It will not escape observation that the acts which the opinion thus mentions as two separate crimes are not punishable under any federal statute, but are matters of state concern. The federal statute deals only with the transportation in interstate commerce for the immoral purposes, or any of them. This court is disposed to think that what was not too carefully said in respect of Section 399 in the Gillette opinion applies with equal force — or lack of force— to Section 398, and, to that extent, rejects its attempted distinction by the government. But it is not persuasively instructive as to either section. And other grounds exist for rejecting it as controllingly authoritative in the present instance. The first is that the quoted discussion and the related portions of the opinion can not possibly be more than dictum; for Gillette’s conviction was reversed for want of any evidence of illegal intent or purpose until after the completion of the interstate transportation. Secondly, so'far, if at all, as the Gillette case may be considered to warrant the argument made from it by the defendants, later opinions of the same court have measurably discredited it. See Roark v. United States and other cited cases to like effect (infra).

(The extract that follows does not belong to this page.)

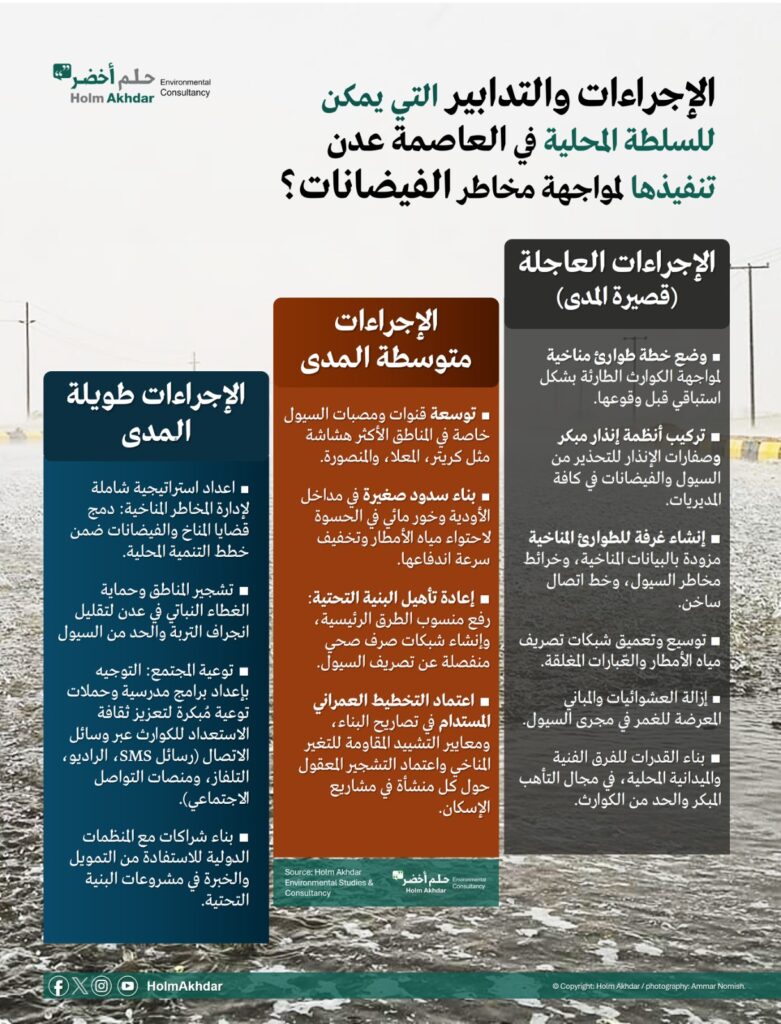 وفي هذا السياق، يدعو حلم أخضر للدراسات والاستشارات البيئية، سلطات العاصمة عدن، ممثلة بوزير الدولة، محافظ المحافظة، معالي الأستاذ أحمد لملس، إلى ضرورة اتخاذ قرارات مستنيرة بشأن التصدي لتأثيرات التغيرات المناخية، واتباع نهج التكيف والمرونة المناخية، وإدارة الكوارث بشكل فعال.

The exact issue now before the court was determined adversely to the present defendants’ contention in Blain v. United States, 8 Cir., 22 F.2d 393, 395, from which the following quotation is offered: “Finally, it is contended that the indictment was void for duplicity. One of the points here urged is that the indictment charges first a transportation for the purpose of debauchery, and later an enticing and compelling the woman to give herself up to debauchery. A careful reading of the indictment shows that but one offense is charged, viz. one transportation, and that this charge is followed by setting out two purposes. ■ This does not make the indictment duplicitous. It is further urged that the language, ‘transport and cause to be transported and aid and assist in obtaining transportation for, and in transporting,’ renders the indictment duplicitous. There is no merit in this point. The language used simply covers several means or modes of accomplishing one result. This does not render an indictment duplicitous.” See also Collins v. United States, 8 Cir., 20 F.2d 574; Creel v. United States, 8 Cir., 21 P.2d 690; Crain v. United States, 162 U.S. 625, 16 S.Ct. 952, 40 L.Ed. 1097; Caballero v. Hudspeth, 10 Cir., 114 F.2d 545; Robinson v. United States, supra; Freed v. United States, 49 App.D.C. 392, 266 F. 1012.

These cases rest ultimately upon the abundantly fortified rule that the language of the Act is “directed against the transportation ‘of any woman or girl for the purpose of prostitution or debauchery, or for any other immoral purpose’ ” and that transportation is the gist of the offense. Athanasaw v. United States, 227 U.S. 326, 33 S.Ct. 285, 287, 57 L.Ed. 528, Ann.Cas. 1913E, 911; Wilson v. United States, 232 U.S. 563, 34 S.Ct. 347, 58 L.Ed. 728; Hoke v. United States, 227 U.S. 308, 33 S.Ct. 281, 283, 57 L.Ed. 523, 43 L.R.A.,N.S., 906, Ann. Cas. 1913E, 905. In the opinion last cited the . court succinctly says: “What the act condemns is transportation obtained or aided, or transportation induced, in interstate commerce, for the immoral purposes mentioned.”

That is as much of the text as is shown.